Matt Parkman and Detective Fuller visit the roof of the Deveaux Building to investigate Kaito Nakamura's death, and learn that Angela Petrelli was present. Ando explains to Parkman that the helix symbol scrawled on the photograph of Kaito means "Godsend."

Parkman and the detective interview Mrs. Petrelli, who alludes to a prior sexual relationship with Kaito. She then realizes that Parkman is reading her thoughts, and mentally demands that he get out of her head.

Parkman greets Nathan Petrelli, who has arrived to post his mother's bail. As the two walk to the locked interrogation room to retrieve Mrs. Petrelli, she is apparently attacked by an unseen force. Parkman breaks in, but she is alone in the room, with blood on her face. In her hand is the picture of her with the helix symbol scrawled across it.

Hiro Nakamura, still in Japan in 1671, impersonates his hero, Takezo Kensei, in order to correct history. He uses his power to stop time and disarms 11 bandits, rescuing the swordsmith's daughter.

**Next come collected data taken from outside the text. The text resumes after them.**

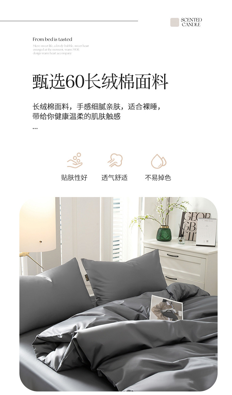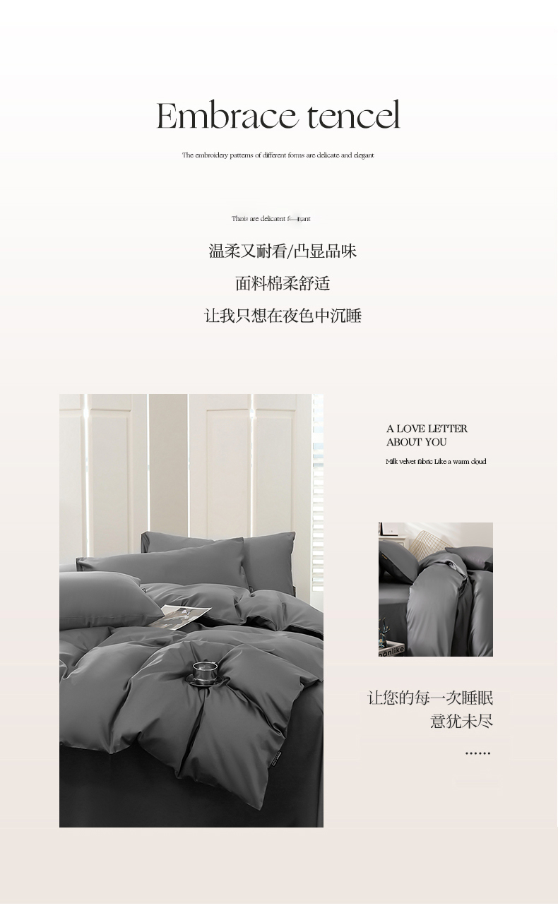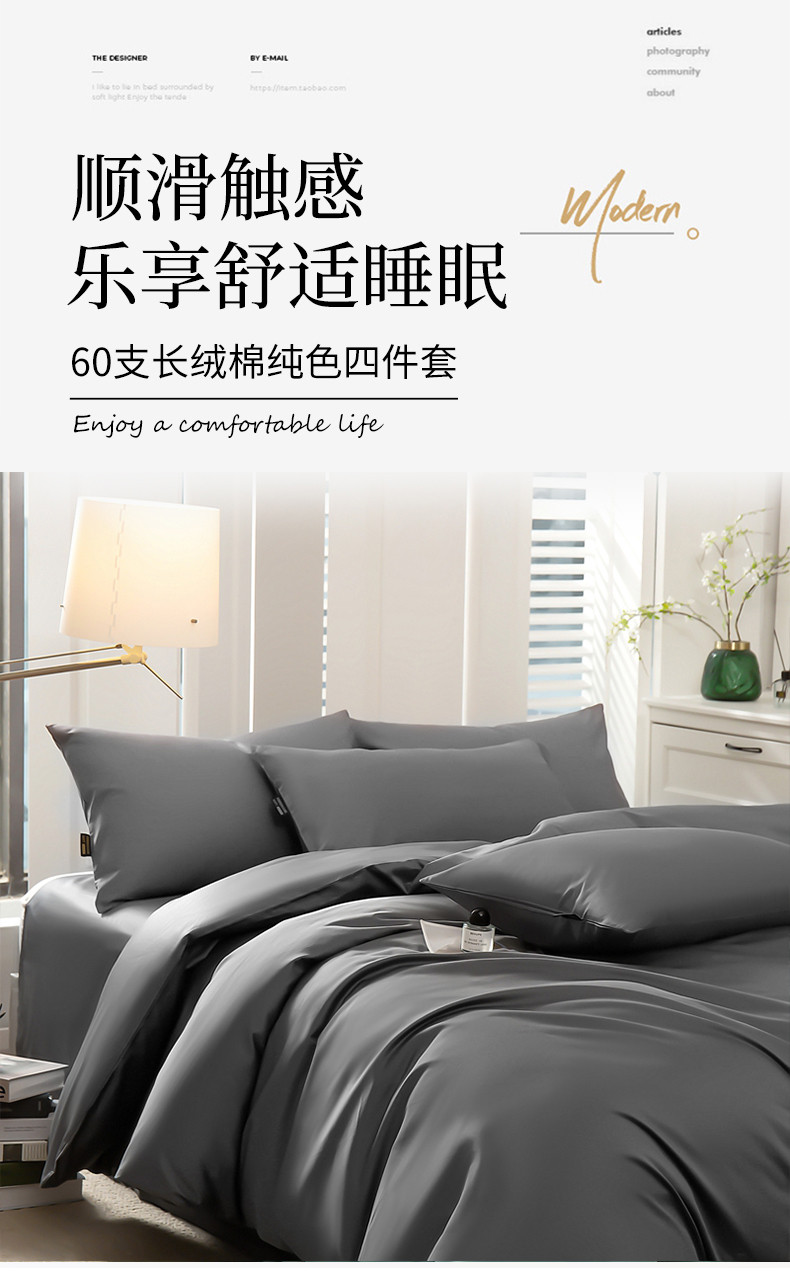 商品名称:莱阁亿 2023新款60支长绒棉纯色四件套 灰色
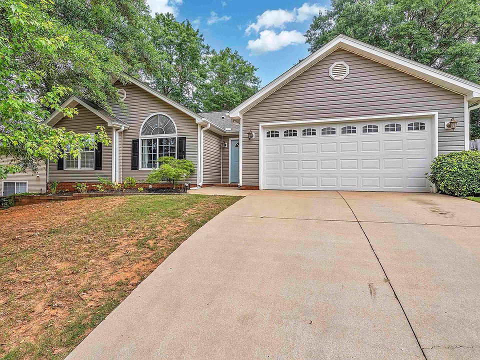Located in the popular Riverdale neighborhood, this one level home will be at the top of your list! Through the front door you’ll immediately notice all the natural light along with the expansive open floor plan and a great entry for greeting guests! The living area features a gas log fireplace with decorative mantle and access to the back yard patio area. The dining area is large enough for entertaining while keeping the serving and prep work easy with the shared kitchen space! Tons of cabinets and counter space in this newly UPDATED kitchen featuring white cabinets and stainless steel appliances along with a newly installed coffee bar/ serving nook with pantry space. The natural earth tones of the cabinets, shelving and floors create the perfect modern farmhouse vibe! This split floor plans features a huge master bedroom ensuite with UPDATED master bath. This spa-like bath has furniture style sink/ cabinets with gold faucets and trim that have been painstakingly picked for perfection! The additional two bedrooms are perfectly proportioned with good closet space and share a hall bath that has also been completely UPDATED! From the new floors to the updated hardware, this home has been remodeled and updated to perfection and is truly MOVE IN READY! As good as the interior is, the backyard will quickly become your favorite place! With ADDED 18x23 patio space you have the perfect spot to relax and enjoy the outdoors. The fenced yard allows for plenty of play space or room to garden and the mature trees and landscaping provide just the right amount of shade! Located 5 mins to downtown Greer, close to BMW manufacturing plant, the airport, and all major highways, this location couldn’t be any better! The surrounding restaurants and dining are all just a quick jump along with easy access to top notch medical facilities and schools! With recent updates that include, flooring, kitchen remodel, NEW ROOF in 2023, NEW HVAC in 2022, new garage doors and an expanded 6x12 patio the work has all been done!! Enjoy living in a community that offers a large fishing pond for residents, community pool and a walkable neighborhood! Don’t miss this one! Welcome home to 628 Geranium Lane located in beautiful Lyman, South Carolina!
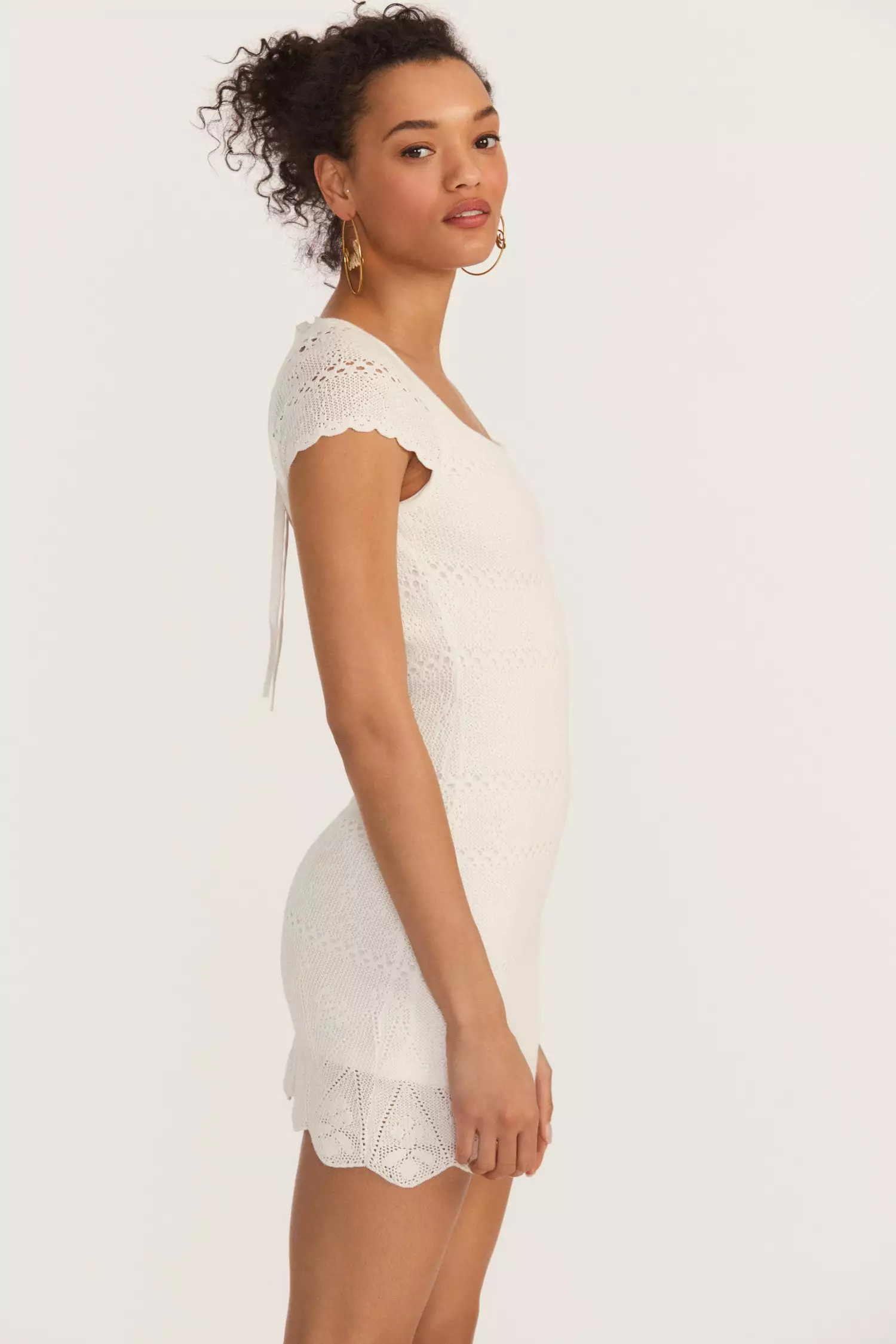 Loveley always in our Elvirie Mini Dress. This vintage-lace inspired mini dress features abstract, floral pointelle detailing, playful zig-zag stitch, cap sleeves and fastens in the back with a tie around the upper neck.Β

As they converse, she expresses her gratitude. Kensei, persuaded by Hiro's pleas — and the prospect of a relationship with the swordsmith's daughter — agrees to rescue the swordsmith, but is ambushed by the bandits Hiro earlier disarmed. Kensei appears to be killed by the bandits' arrows, but is somehow able to revive: his wounds heal while Hiro watches, amazed.

Claire Bennet, curious about the limits of her abilities, cuts off her little toe to see if it will grow back, which it does, but she discovers that West (who had been watching through her window) has seen the incident.

She tries to pursue him, only to find him gone and Chandra Suresh's book lying on her driveway.

The episode ends with her mother's dog, Mr. Muggles, barking at the sky.

==Critical reception==
On the episode's original airdate, Heroes attracted 11.9 million viewers.

Sean O'Neal of The A.V. Club gave the episode a C.